La Campania è in buona compagnia sotto questo profilo. Tutte le altre regioni del Centro Sud registrano tutte performance negative, saldi negativi, che pesano sui bilanci e vanno ad arricchire le tre regioni del Nord che rimpinguano le loro casse col danaro ricavato dalle prestazioni sanitarie ai pazienti del Sud. E le regioni del Nord che incassano miliardi di euro dalle regioni del Sud sono Lombardia, Emilia Romagna e Veneto. Per capirci sono le regioni che (per ragioni che forse prescindono anche dalla politica) rivendicano l’autonomia differenziata. Sono soldi. E i soldi non hanno colore politico. Con l’autonomia differenziata la fuga di pazienti da Sud verso Nord aumenterebbe considerevolmente. E così la sanità del Sud sarebbe sempre meno efficiente e godrebbe sempre di meno fiducia, favorendo la fuga dei pazienti verso nord e arricchendo la sanità pubblica del nord. L’88% del saldo attivo delle risorse sanitarie pubbliche (parliamo di circa l’80 per cento delle risorse di bilancio di ogni regione) vengono incamerate da Emilia Romagna, Lombardia e Veneto. Questi numeri si possono leggere in un report della Fondazione Gimbe.
Per le compensazioni finanziarie dovute a ricoveri, day hospital, specialistica ambulatoriale e farmaceutica, le Regioni hanno rendicontato 4.578,5 milioni nel solo 2017.
Tra le regioni con il numero di pazienti in trasferta e il saldo finanziario negativo ci sono il Lazio (13,2%) e la Campania (10,3%) che insieme contribuiscono a circa 1/4 della mobilità passiva nazionale.
Le Regioni con saldo positivo superiore ai 100 milioni di euro sono tutte del Nord, mentre quelle con saldo negativo oltre i 100 milioni di euro tutte del Centro-Sud. Il saldo positivo più rilevante è quello della Lombardia (784,1 milioni di euro). Seguono in dettaglio Emilia Romagna (307,5 milioni), Veneto (143,1 milioni) e Toscana (139,3 milioni). Il saldo positivo è minimo per il Molise (20,2 milioni), per il Friuli Venezia Giulia (6,1 milioni), per la Provincia Autonoma di Bolzano (1,1 milioni). Il saldo negativo è minimo, invece, per la Provincia Autonoma di Trento (-0,1 milioni), per la Valle d’ Aosta (-1,8 milioni), per l’ Umbria (-4,17 milioni). È negativo ma moderato per le Marche (-43 milioni), Piemonte (-51 milioni), Basilicata (-53,3 milioni), Liguria (-71,2 milioni), Sardegna (-77,2 milioni), Abruzzo (-80 milioni).

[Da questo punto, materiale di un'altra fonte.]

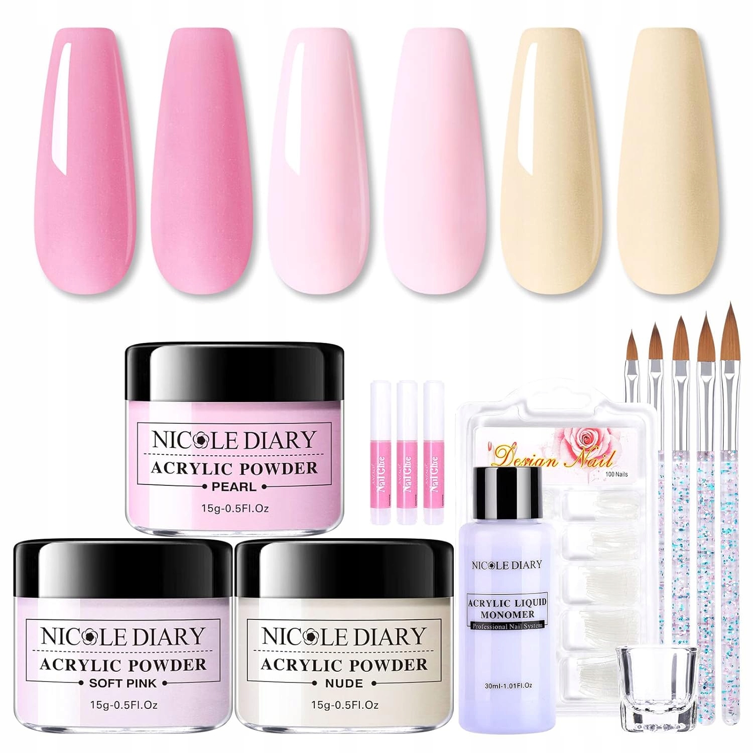 Стартовий набір акрилової пудри - акрилова пудра та рідкий набір НІКОЛЬ ДІАРІ включає акрилову пудру в 3 кольорах нюдового, рожевого та перламутрового та необхідний набір. Ідеально підходить для французьких нігтів, акрилових нігтів, різьблених квітів, нарощених нігтів і перманентних прикрас для нігтів
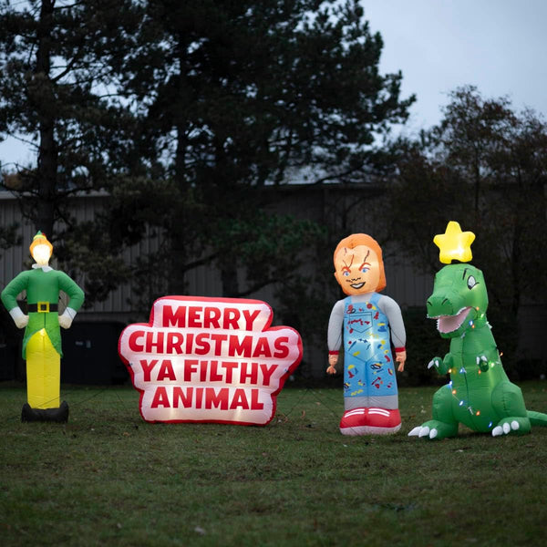 Step into a festive world where prehistoric charm meets holiday cheer with our Tree Rex Indoor/Outdoor Inflatable Decoration. Standing at an impressive 6 feet tall, this dinosaur-themed inflatable is a delightful twist on traditional holiday decor, blending the wonder of dinosaurs with the magic of Christmas.

Ma più si scende lungo lo Stivale e peggio si presenta la situazione: per la Puglia arriva a -201,3 milioni di euro; per la Sicilia non va meglio (-236,9 milioni); così per il Lazio (-239,4 milioni), per la Calabria (-281,1 milioni) e, infine, come dicevamo, per la Campania (-318 milioni di euro): ultima in classifica. Si riducono le differenze delle prime tre Regioni nel saldo pro-capite: la Lombardia registra un saldo pro-capite di 78 euro; l’ Emilia Romagna di 69 euro; il Molise (prima Regione del Sud a salire sul podio) di 65 euro; infine è la Calabria a precipitare nell’ ultima posizione con un saldo pro-capite negativo di 144 euro, pari circa a tre volte quello della Campania (55 euro) e di poco inferiore alla somma del saldo pro-capite positivo di Lombardia ed Emilia Romagna (147 euro).
“Le nostre analisi – afferma Nino Cartabellotta, Presidente della Fondazione GIMBE – sono state effettuate esclusivamente sui dati economici della mobilità sanitaria aggregati in crediti, debiti e relativi saldi, ma per studiare al meglio questo fenomeno abbiamo già inoltrato formale richiesta dei flussi integrali trasmessi dalle Regioni al Ministero che permetterebbero di analizzare, per ciascuna Regione, la distribuzione delle tipologie di prestazioni erogate in mobilità, la differente capacità di attrazione di strutture pubbliche e private accreditate e la Regione di residenza dei cittadini che scelgono di curarsi lontano da casa, identificando le dinamiche della mobilità, alcune “fisiologiche” ed altre francamente “patologiche””.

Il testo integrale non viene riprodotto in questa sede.